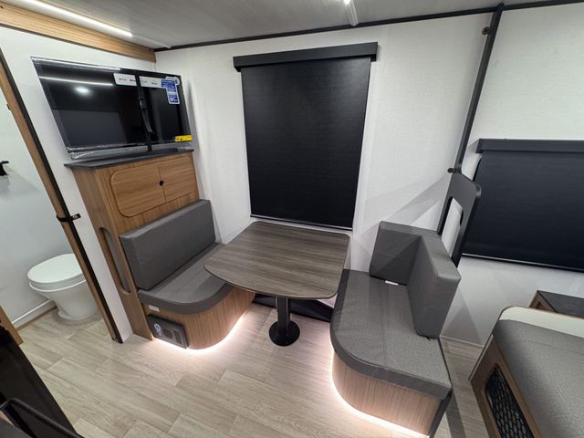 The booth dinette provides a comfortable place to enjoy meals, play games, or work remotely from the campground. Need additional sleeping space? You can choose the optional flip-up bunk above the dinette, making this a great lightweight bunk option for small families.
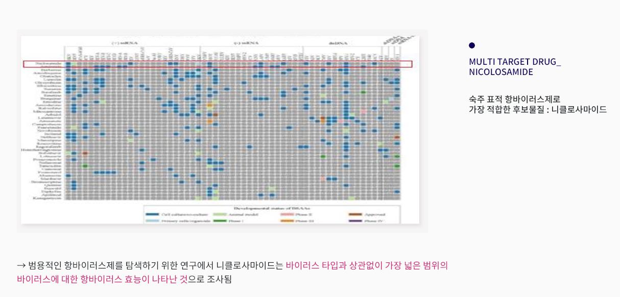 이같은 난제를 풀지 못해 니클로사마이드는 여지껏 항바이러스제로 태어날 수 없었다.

==

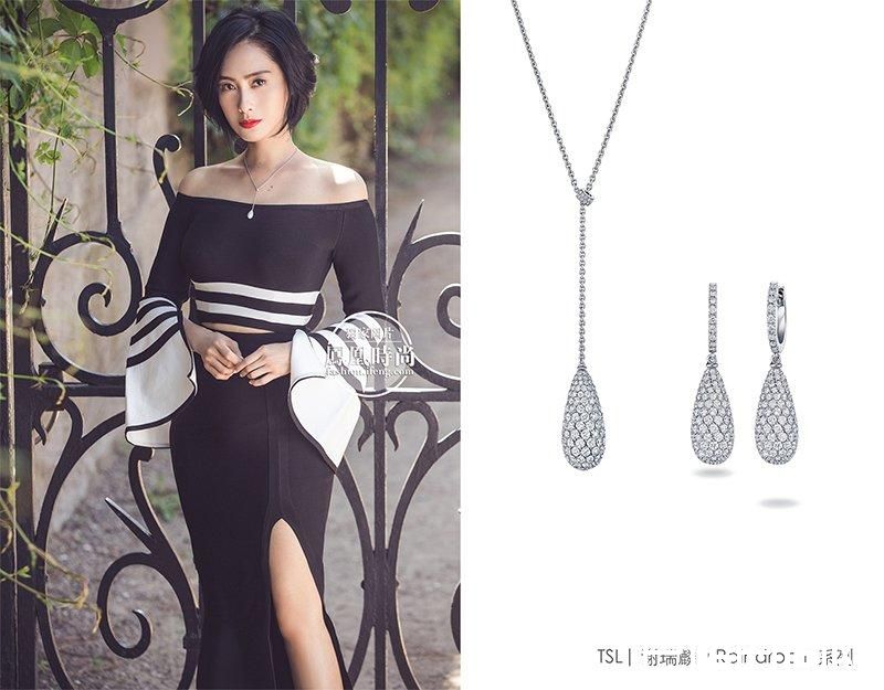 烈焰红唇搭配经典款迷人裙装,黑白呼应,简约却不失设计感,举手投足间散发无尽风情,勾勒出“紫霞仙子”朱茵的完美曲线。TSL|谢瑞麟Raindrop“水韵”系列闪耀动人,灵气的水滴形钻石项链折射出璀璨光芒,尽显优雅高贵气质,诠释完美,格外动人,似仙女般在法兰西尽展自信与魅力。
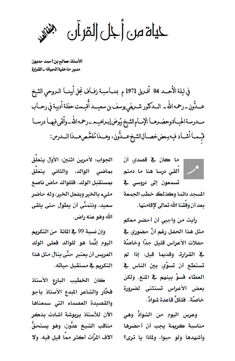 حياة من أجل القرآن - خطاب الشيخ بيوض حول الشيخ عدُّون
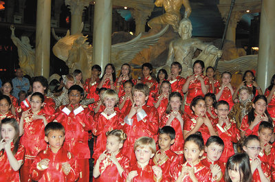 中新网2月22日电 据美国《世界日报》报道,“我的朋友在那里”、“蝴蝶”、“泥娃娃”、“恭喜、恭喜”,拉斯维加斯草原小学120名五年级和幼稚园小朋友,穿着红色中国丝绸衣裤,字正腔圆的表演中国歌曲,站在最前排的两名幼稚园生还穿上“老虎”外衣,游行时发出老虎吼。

#### What is expected
For this task, return exactly the stretch of the listing above from the line with "烈焰红唇搭配经典款迷人裙装,黑白呼应,简" through the line with "中新网2月22日电 据美国《", inclusive and without pictures.

#### Task output
 烈焰红唇搭配经典款迷人裙装,黑白呼应,简约却不失设计感,举手投足间散发无尽风情,勾勒出“紫霞仙子”朱茵的完美曲线。TSL|谢瑞麟Raindrop“水韵”系列闪耀动人,灵气的水滴形钻石项链折射出璀璨光芒,尽显优雅高贵气质,诠释完美,格外动人,似仙女般在法兰西尽展自信与魅力。
 حياة من أجل القرآن - خطاب الشيخ بيوض حول الشيخ عدُّون
 中新网2月22日电 据美国《世界日报》报道,“我的朋友在那里”、“蝴蝶”、“泥娃娃”、“恭喜、恭喜”,拉斯维加斯草原小学120名五年级和幼稚园小朋友,穿着红色中国丝绸衣裤,字正腔圆的表演中国歌曲,站在最前排的两名幼稚园生还穿上“老虎”外衣,游行时发出老虎吼。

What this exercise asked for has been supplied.